Здесь, в центре города, трамваи ходили. На остановке под ветром стояли люди — и среди них очень щупленький немец в легкой шинельке, узких сапогах, пилотке, только на ушах у него были шерстяные наушники. Он сильно замерз и посинел. Руки его тряслись и не попадали в карманы, а тело дергалось, как на шарнирах, он бил ногой о ногу, тер руками лицо, то вдруг принимался танцевать, вскидывая ноги, как деревянный паяц, и казалось, что он сейчас пронзительно завизжит, не в силах терпеть кусачий мороз.
То, что он нелеп, ему и в голову не могло прийти, потому что вокруг стояли одни жители, а это для немцев было все равно что пустое место: они при нас, словно наедине, равнодушно снимали штаны, ковырялись в носу, сморкались двумя пальцами или открыто мочились.
Из ворот Софийского собора выехали два грузовика с чем-то накрытым брезентами: опять вывозили что-то награбленное. Черт знает что, у них через каждые десять слов употреблялось слово «культура»: «тысячелетняя немецкая культура», «культурное обновление мира», «вся человеческая культура зависит от успехов германского оружия»… И ведь звучит, а? С ума сойти, что можно делать со словами.
Это, значит, культура была в том, что они вывозили всё подчистую из музеев, использовали на обертку рукописи в библиотеке украинской Академии, палили из пистолетов по статуям, зеркалам, могильным памятникам — во всё, где есть какое-нибудь яблочко мишени. Такое, оказывается, обновление культуры.
И еще — гуманизм. Немецкий гуманизм — самый великий в мире, немецкая армия — самая гуманная, и всё, что она делает, — это только ради немецкого гуманизма. Нет, не просто гуманизма, а НЕМЕЦКОГО гуманизма, как самого благородного, умного и целенаправленного из всех возможных гуманизмов.

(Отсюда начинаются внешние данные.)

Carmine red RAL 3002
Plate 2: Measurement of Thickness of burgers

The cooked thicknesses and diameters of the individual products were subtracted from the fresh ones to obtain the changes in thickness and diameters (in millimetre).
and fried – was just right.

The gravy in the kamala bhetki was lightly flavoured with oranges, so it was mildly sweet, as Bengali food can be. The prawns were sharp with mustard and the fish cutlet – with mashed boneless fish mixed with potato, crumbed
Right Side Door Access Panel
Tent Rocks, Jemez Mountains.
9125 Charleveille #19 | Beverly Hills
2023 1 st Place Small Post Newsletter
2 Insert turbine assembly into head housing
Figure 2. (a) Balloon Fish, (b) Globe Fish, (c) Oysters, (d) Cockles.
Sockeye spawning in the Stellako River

Потому что гуманизмов на свете столько же, сколько и убийц. И у каждого убийцы свой собственный, самый благородный гуманизм, конечно, как и свое собственное обновление культуры.

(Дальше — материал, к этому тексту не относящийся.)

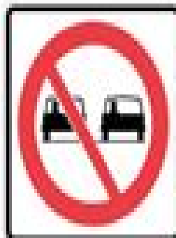
Do not pass
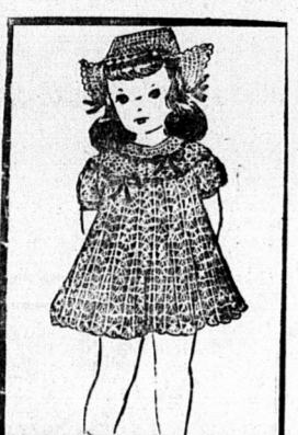
DESIGN NO. E-1117

An adorable dress and dutch bonnet for a little girl 2, 4 or 6 years old, is crocheted in a lovely shell stitch. Pattern No. E-1117 contains complete instructions.
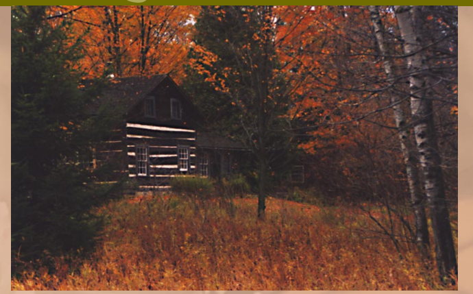
Canadian Wildlife Service
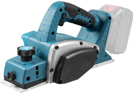
Electric planer DP0002
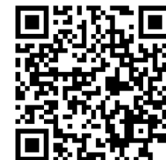
JURA Z10 alu

JURA SEA (Pte.) Ltd. 25 International Business Park, German Centre #01-01/10, Singapore 609916 Tel.: +65 65628853, Fax: +65 65628854, Email: info@jura-sea.com, Web: https://www.jura-sea.com
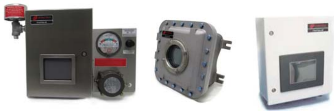
Z-purge Unit Class I, Division 2
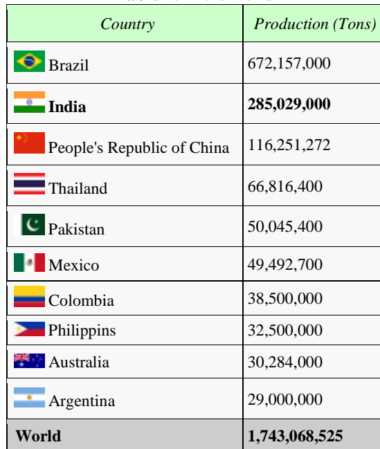
Table 2: In India
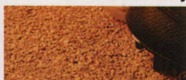
Calcined Clay (Turf)
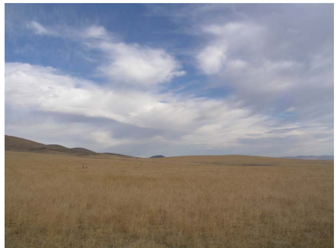
Sagebrush steppe converted to cheatgrass ( Bromus tectorum ).

[То у нас была СОЦИАЛИСТИЧЕСКАЯ культура, «старое разрушим, новое построим», во имя ее сравнивали с землей Десятинные церкви и закладывали взрывчатку под Успенские соборы, отправляли в Сибирь ученых и травили ядом Горького.
Был СОЦИАЛИСТИЧЕСКИЙ гуманизм, ради которого по ночам носились машины НКВД, убитых швыряли в овраг из окон Октябрьского дворца, а Сибирь застроили целыми городами-концлагерями.
Теперь, оказывается, что то было неправильно. НЕМЕЦКИЙ гуманизм — вот что объявлено] в противовес, [как и прежде,]! общечеловеческому, расплывчатому, недейственному и потому вражескому гуманизму, которому одно место — Бабий Яр.
[Советский гуманизм, немецкий гуманизм, ассирийский гуманизм, марсианский гуманизм — о, сколько же их на белом свете, и каждый прежде всего стремится перестрелять как можно больше людишек, начинает с Бабьих Яров и кончает ими. Бабий Яр — вот истинный символ и культур ваших, и гуманизмов.]
Мне очень, очень рано пришлось вникать в эти понятия культуры и гуманизма с их тонкостями, потому что с самого детства только то и делал, что спасался, как бы не стать их объектом. [И занимался этим всю жизнь, и занимаюсь по сей день…]
Когда подошел трамвай, толпа ринулась в заднюю дверь, а немец пошел с передней. Трамваи были разделены: задняя часть для местного населения, передняя — для арийцев. Читая раньше про негров, «Хижину дяди Тома» или «Мистера-Твистера», никак не мог предполагать, что мне придется ездить в трамвае вот так.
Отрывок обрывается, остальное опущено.